Kodirov acknowledged in his guilty plea that he had been in communication with an individual whom he believed to be a member of the Islamic Movement of Uzbekistan (IMU), and that Kodirov interpreted these conversations to mean that he should kill President Obama. Kodirov then took steps to obtain weapons to carry out his plans to kill the president. The IMU is designated as a Foreign Terrorist Organization by the U.S. State Department. Kodirov also showed jihadist Web sites and videos on his computer to another individual and told that person that he wanted to assist others in jihad overseas, according to his plea agreement.
Kodirov also acknowledged that he had lengthy conversations in July 2011 with a different individual about Kodirov's desire to kill President Obama and possible ways to carry out the assassination. That individual traveled to Birmingham to meet Kodirov and introduced him to another individual, an undercover agent, from whom Kodirov intended to obtain weapons he would use to kill the president.
The three men met on July 13, 2011, at a motel in Leeds. In that meeting, the agent presented a fully automatic Sendra Corporation Model M15-A1 machine gun, a sniper rifle with a telescopic sight and four disassembled hand grenades and asked Kodirov if he would like to use any of them to "carry out his plan to kill the President," according to the plea agreement. Kodirov chose the M15-A1 machine gun and the hand grenades and left the meeting with the weapons. Agents arrested Kodirov before he left the motel.

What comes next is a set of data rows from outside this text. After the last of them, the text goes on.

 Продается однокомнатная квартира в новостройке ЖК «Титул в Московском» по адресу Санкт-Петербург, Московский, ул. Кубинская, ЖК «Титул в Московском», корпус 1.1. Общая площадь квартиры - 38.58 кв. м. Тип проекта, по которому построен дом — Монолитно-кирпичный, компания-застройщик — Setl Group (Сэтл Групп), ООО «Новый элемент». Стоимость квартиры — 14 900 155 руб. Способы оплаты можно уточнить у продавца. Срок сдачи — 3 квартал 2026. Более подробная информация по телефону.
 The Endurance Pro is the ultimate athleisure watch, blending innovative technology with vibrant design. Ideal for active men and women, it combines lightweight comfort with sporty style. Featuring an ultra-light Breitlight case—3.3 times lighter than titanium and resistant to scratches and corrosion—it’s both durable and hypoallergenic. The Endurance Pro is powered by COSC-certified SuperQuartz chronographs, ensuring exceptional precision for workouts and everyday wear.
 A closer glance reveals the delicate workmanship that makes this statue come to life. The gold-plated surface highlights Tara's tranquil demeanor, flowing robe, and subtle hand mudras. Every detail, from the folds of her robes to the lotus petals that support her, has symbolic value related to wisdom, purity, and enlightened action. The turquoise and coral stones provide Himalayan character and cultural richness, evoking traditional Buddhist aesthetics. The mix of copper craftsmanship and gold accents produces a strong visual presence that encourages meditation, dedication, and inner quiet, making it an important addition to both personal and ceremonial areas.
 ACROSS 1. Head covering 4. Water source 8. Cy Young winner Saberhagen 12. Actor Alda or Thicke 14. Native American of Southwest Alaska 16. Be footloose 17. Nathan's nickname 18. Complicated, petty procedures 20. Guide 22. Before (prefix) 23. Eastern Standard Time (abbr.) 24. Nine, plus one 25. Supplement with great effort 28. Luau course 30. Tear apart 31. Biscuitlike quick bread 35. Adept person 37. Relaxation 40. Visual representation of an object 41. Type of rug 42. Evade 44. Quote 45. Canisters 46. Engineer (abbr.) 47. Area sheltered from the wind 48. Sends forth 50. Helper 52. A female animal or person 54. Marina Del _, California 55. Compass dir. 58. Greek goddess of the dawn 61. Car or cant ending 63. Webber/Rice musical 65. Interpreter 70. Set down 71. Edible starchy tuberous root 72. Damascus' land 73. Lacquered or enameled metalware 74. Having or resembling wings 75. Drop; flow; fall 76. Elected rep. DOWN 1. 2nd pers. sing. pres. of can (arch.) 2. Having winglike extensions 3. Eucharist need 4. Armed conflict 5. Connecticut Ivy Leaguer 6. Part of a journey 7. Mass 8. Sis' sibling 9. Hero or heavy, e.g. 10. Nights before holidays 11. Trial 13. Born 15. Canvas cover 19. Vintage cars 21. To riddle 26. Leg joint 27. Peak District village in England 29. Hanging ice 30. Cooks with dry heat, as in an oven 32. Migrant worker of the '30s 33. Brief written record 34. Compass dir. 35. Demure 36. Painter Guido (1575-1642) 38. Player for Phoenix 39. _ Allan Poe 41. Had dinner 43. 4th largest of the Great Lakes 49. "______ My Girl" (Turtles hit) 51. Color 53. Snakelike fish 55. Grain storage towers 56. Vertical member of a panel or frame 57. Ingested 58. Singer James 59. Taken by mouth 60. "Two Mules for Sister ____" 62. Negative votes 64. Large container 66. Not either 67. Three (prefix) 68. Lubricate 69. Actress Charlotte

Kodirov entered the United States on a student visa in June 2009. His visa was revoked on April 1, 2010, for failing to enroll in school. Thereafter, he was unlawfully present within the United States. He was living in an extended-stay motel in Pelham at the time of his arrest.
The FBI, ATF, HSI and Secret Service investigated the case. Assistant U.S. Attorneys Michael W. Whisonant Sr. and Ryan K. Buchanan prosecuted the case with assistance from the Counterterrorism Section of the Justice Department's National Security Division.